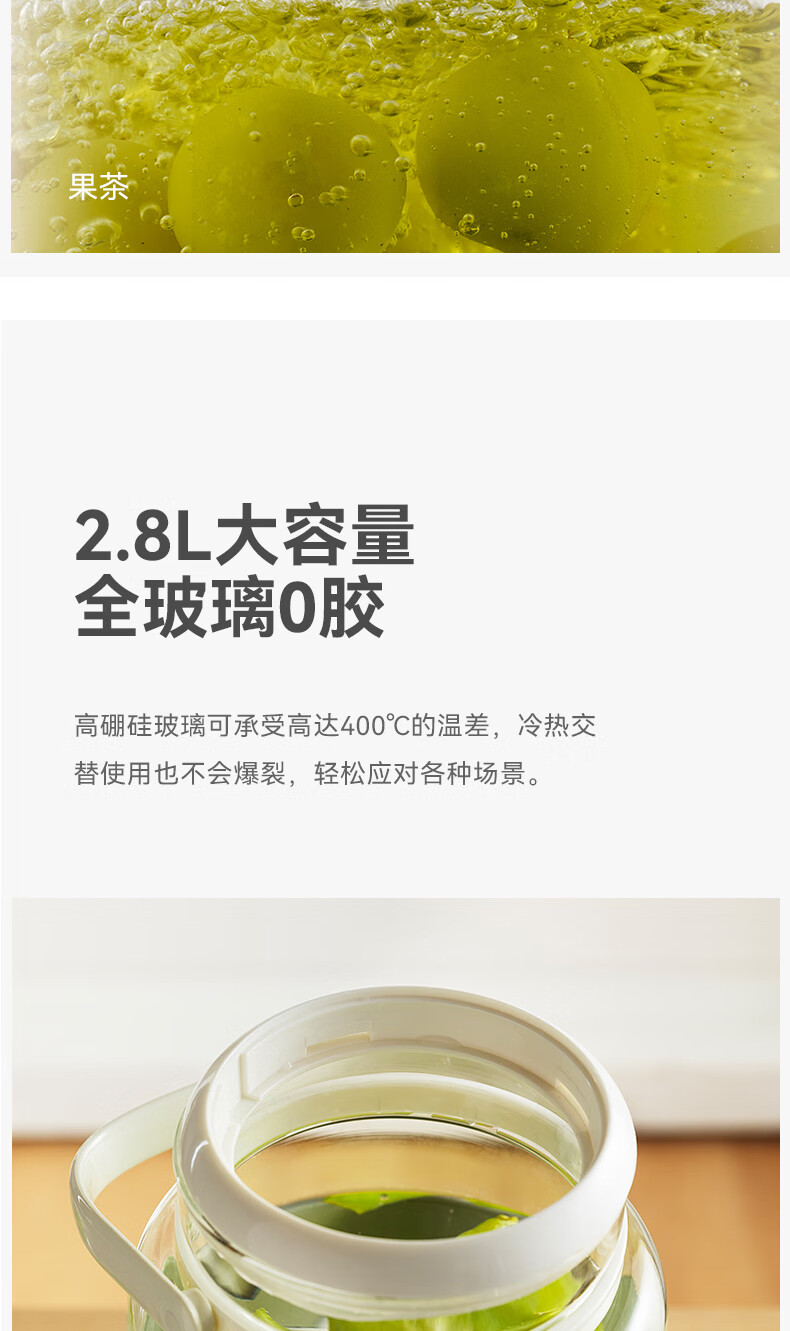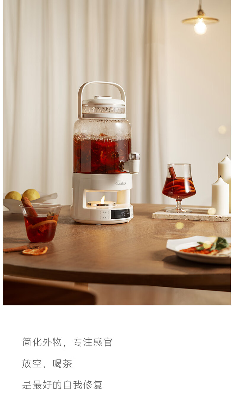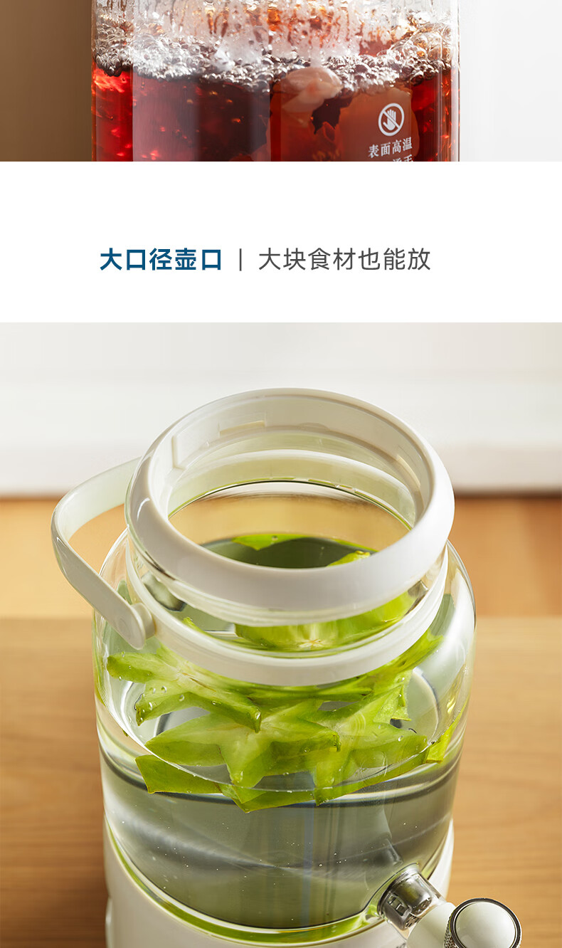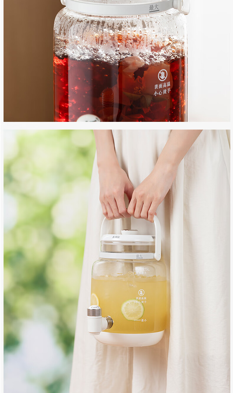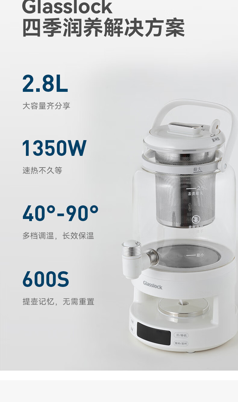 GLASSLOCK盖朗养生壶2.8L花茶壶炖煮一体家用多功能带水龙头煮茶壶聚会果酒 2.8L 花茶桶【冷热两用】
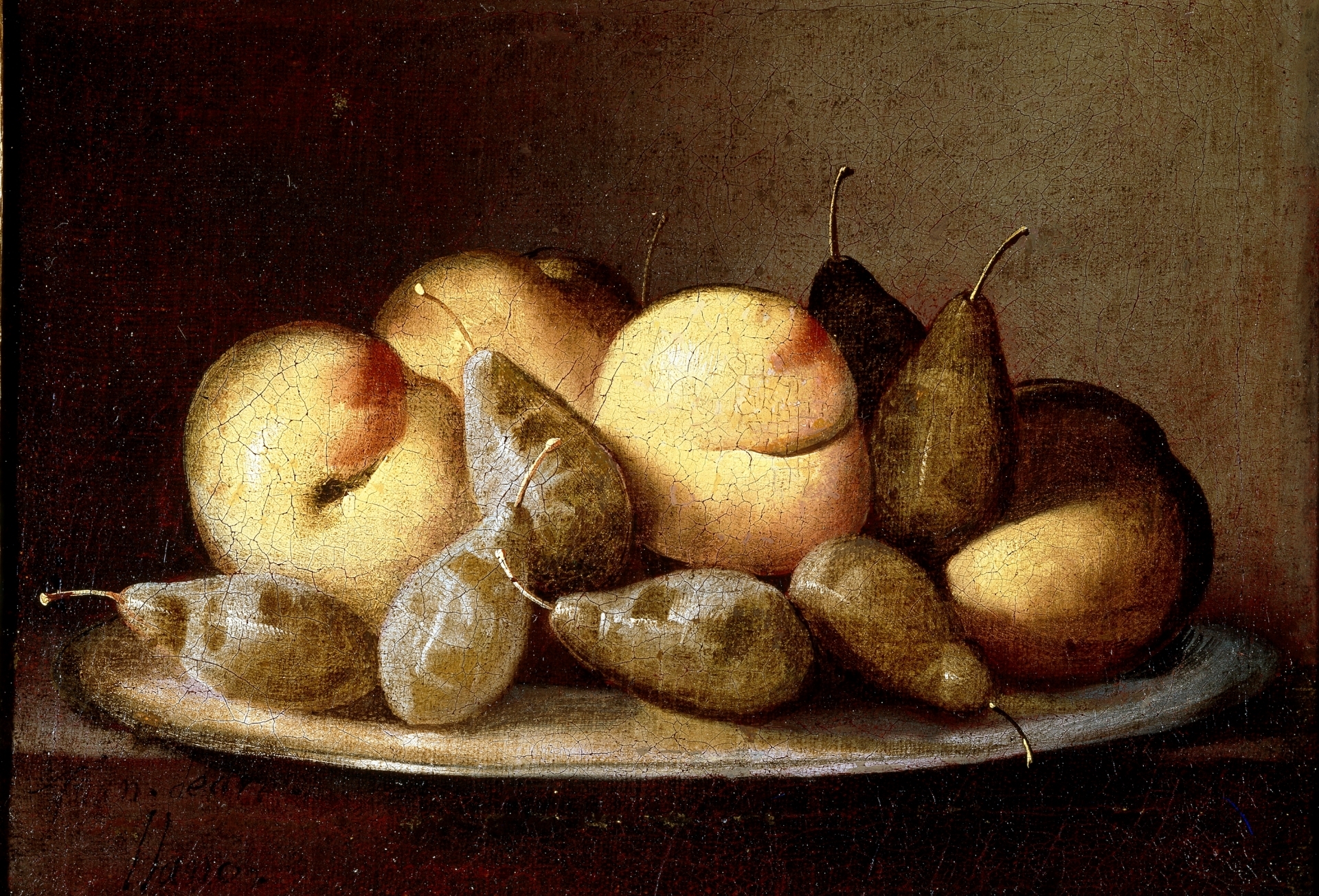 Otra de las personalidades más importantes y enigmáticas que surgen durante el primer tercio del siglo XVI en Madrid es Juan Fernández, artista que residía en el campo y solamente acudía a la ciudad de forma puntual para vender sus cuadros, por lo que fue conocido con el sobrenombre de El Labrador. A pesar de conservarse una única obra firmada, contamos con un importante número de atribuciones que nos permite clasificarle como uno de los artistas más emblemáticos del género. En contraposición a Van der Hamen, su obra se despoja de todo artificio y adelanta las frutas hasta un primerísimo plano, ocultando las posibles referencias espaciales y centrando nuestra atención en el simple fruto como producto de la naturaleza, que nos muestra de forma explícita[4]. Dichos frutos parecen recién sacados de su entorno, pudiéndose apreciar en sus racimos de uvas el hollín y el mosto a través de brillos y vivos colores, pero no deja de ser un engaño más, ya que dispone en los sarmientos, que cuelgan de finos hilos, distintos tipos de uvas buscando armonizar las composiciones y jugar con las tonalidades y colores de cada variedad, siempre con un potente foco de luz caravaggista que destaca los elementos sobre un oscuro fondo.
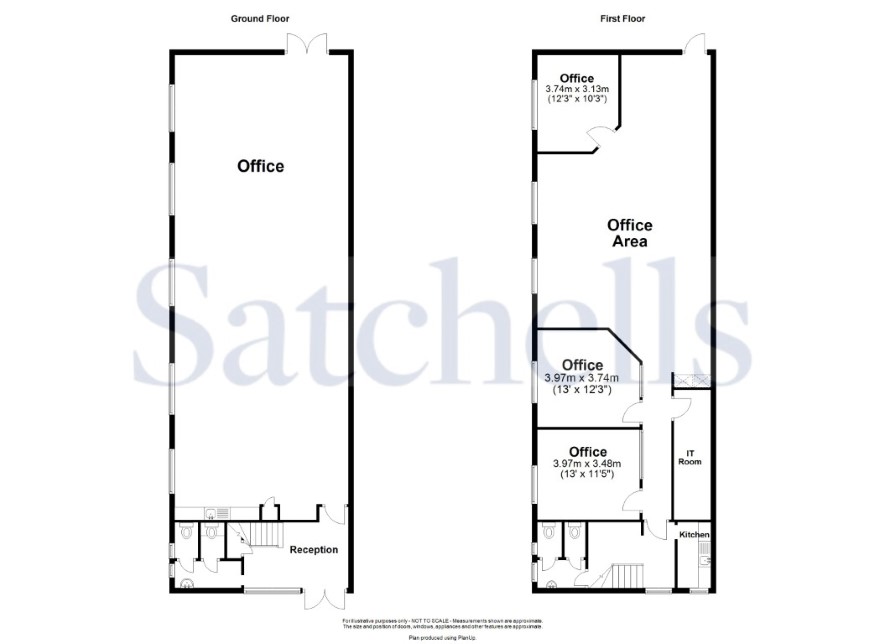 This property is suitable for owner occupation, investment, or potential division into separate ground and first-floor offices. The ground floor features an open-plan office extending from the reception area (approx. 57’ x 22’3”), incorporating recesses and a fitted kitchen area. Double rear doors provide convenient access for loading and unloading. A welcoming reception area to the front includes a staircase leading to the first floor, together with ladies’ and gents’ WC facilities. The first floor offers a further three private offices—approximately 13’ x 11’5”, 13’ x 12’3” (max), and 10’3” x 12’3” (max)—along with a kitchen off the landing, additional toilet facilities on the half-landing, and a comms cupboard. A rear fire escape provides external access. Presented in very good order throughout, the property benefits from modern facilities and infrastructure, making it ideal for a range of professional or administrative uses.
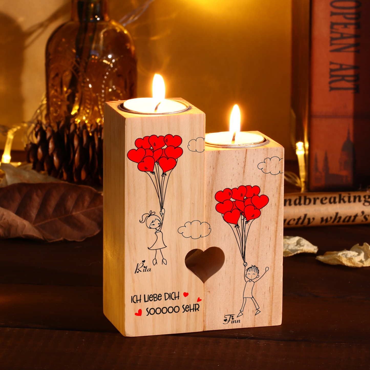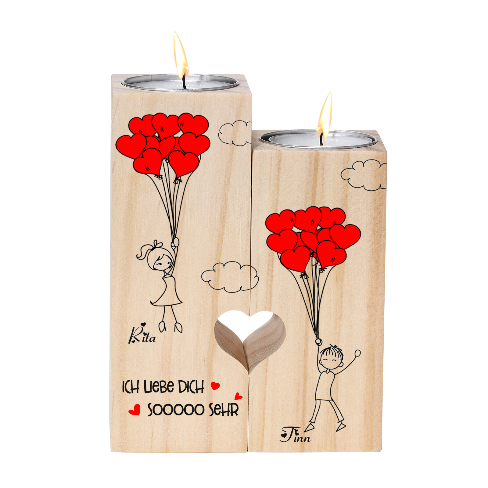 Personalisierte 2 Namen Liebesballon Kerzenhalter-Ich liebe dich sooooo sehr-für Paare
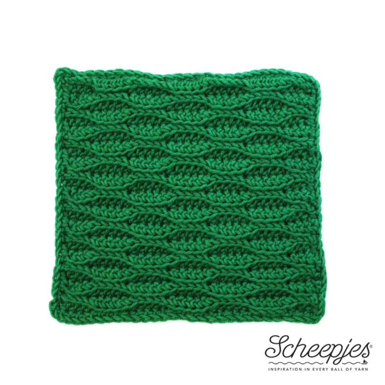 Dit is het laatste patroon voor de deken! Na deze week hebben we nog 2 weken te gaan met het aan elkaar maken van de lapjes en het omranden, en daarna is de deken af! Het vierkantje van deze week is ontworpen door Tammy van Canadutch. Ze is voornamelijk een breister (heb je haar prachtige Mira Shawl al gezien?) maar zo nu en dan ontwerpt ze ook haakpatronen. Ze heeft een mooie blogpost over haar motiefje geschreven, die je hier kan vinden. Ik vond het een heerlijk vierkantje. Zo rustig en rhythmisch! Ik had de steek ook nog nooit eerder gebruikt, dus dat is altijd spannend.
_ _ _ _
▸ **Task to complete**: Without including any pictures, print each record exactly.

▸ **Task response**:
 GLASSLOCK盖朗养生壶2.8L花茶壶炖煮一体家用多功能带水龙头煮茶壶聚会果酒 2.8L 花茶桶【冷热两用】
 Otra de las personalidades más importantes y enigmáticas que surgen durante el primer tercio del siglo XVI en Madrid es Juan Fernández, artista que residía en el campo y solamente acudía a la ciudad de forma puntual para vender sus cuadros, por lo que fue conocido con el sobrenombre de El Labrador. A pesar de conservarse una única obra firmada, contamos con un importante número de atribuciones que nos permite clasificarle como uno de los artistas más emblemáticos del género. En contraposición a Van der Hamen, su obra se despoja de todo artificio y adelanta las frutas hasta un primerísimo plano, ocultando las posibles referencias espaciales y centrando nuestra atención en el simple fruto como producto de la naturaleza, que nos muestra de forma explícita[4]. Dichos frutos parecen recién sacados de su entorno, pudiéndose apreciar en sus racimos de uvas el hollín y el mosto a través de brillos y vivos colores, pero no deja de ser un engaño más, ya que dispone en los sarmientos, que cuelgan de finos hilos, distintos tipos de uvas buscando armonizar las composiciones y jugar con las tonalidades y colores de cada variedad, siempre con un potente foco de luz caravaggista que destaca los elementos sobre un oscuro fondo.
 This property is suitable for owner occupation, investment, or potential division into separate ground and first-floor offices. The ground floor features an open-plan office extending from the reception area (approx. 57’ x 22’3”), incorporating recesses and a fitted kitchen area. Double rear doors provide convenient access for loading and unloading. A welcoming reception area to the front includes a staircase leading to the first floor, together with ladies’ and gents’ WC facilities. The first floor offers a further three private offices—approximately 13’ x 11’5”, 13’ x 12’3” (max), and 10’3” x 12’3” (max)—along with a kitchen off the landing, additional toilet facilities on the half-landing, and a comms cupboard. A rear fire escape provides external access. Presented in very good order throughout, the property benefits from modern facilities and infrastructure, making it ideal for a range of professional or administrative uses.
 Personalisierte 2 Namen Liebesballon Kerzenhalter-Ich liebe dich sooooo sehr-für Paare
 Dit is het laatste patroon voor de deken! Na deze week hebben we nog 2 weken te gaan met het aan elkaar maken van de lapjes en het omranden, en daarna is de deken af! Het vierkantje van deze week is ontworpen door Tammy van Canadutch. Ze is voornamelijk een breister (heb je haar prachtige Mira Shawl al gezien?) maar zo nu en dan ontwerpt ze ook haakpatronen. Ze heeft een mooie blogpost over haar motiefje geschreven, die je hier kan vinden. Ik vond het een heerlijk vierkantje. Zo rustig en rhythmisch! Ik had de steek ook nog nooit eerder gebruikt, dus dat is altijd spannend.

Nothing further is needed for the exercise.